EXTRA.DATs can be downloaded from the the Newly Discovered Threats page, the Recently Updated Threats page, or the Removal Instructions section of the description for the major virus. When an EXTRA.DAT file is added to the VirusScan folder on your hard drive, it is used by the product, in addition to the normal DAT files, to detect the new virus. This enables VirusScan to protect your computer from the new virus until the official update is released that contains the virus detection/removal information. After the official update is released and installed, the EXTRA.DAT file is no longer necessary.

EXTRA.DAT files are good for 14 days, at which time they disable themselves. McAfee recommends you keep your VirusScan up to date by downloading and installing the official daily updates.

Solution
EXTRA.DAT instructions
EXTRA.DAT should be copied into the same directory where avvclean.dat, avvnames.dat, and avvscan.dat are.

For example:
C:\Program Files\McAfee\VirusScan\DAT\xxxx.x
(where xxxx.x is the DAT version number)

Note: For Windows Vista 64-bit computers, the directory is: C:\Program Files (x86)\McAfee\VirusScan\DAT\xxxx.x.


Restart your computer.
Additional information can be found at the McAfee Threat Center: http://vil.nai.com/v...lpdocs/extradat.aspx.

[bassclarinetl2]

Mcafee isnt the only one,  Kaspersky just flagged one of skrommel's utilities as having a backdoor. 

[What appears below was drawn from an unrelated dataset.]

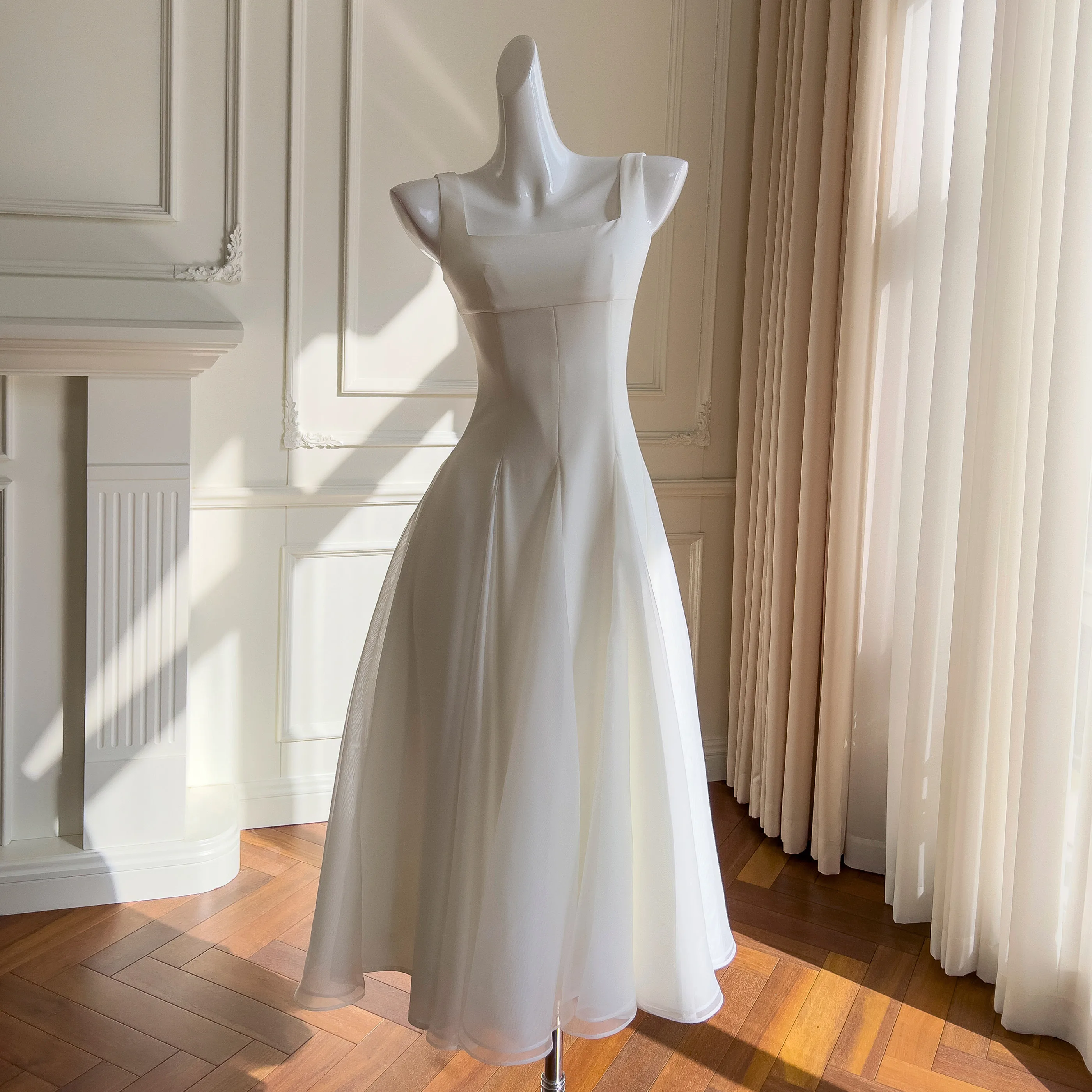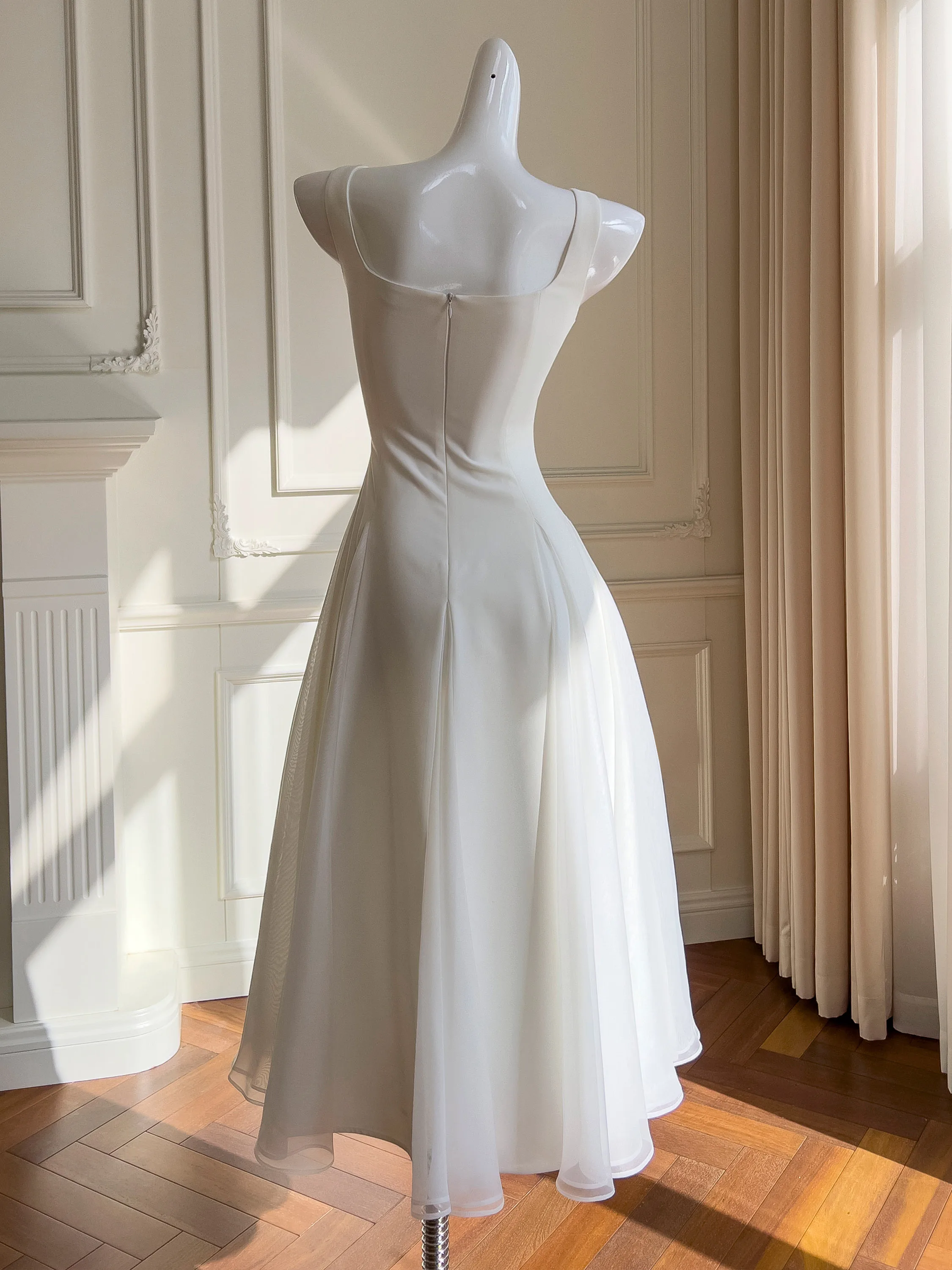 Product Name: High Quality Lady Temperament Simple Waist Long White Dress Summer New Sexy Suspender Big Swing Slimming Dress

Well I downloaded v136  and kaspersky seems to like is so who knows what up with that.

[xcopy]

Thanks a lot mouser for going through all the trouble for us. 

I had that false positive today with Launchbar Commander.
But this is developing into a workflow: Starting the PC, checking what McAffee killed today, visiting this forum, feeling with you, loading the extra.dat file, restarting the system, resinstalling the deleted program, feeling warm and cozy again and thinking of the good old days when I used F-Secure.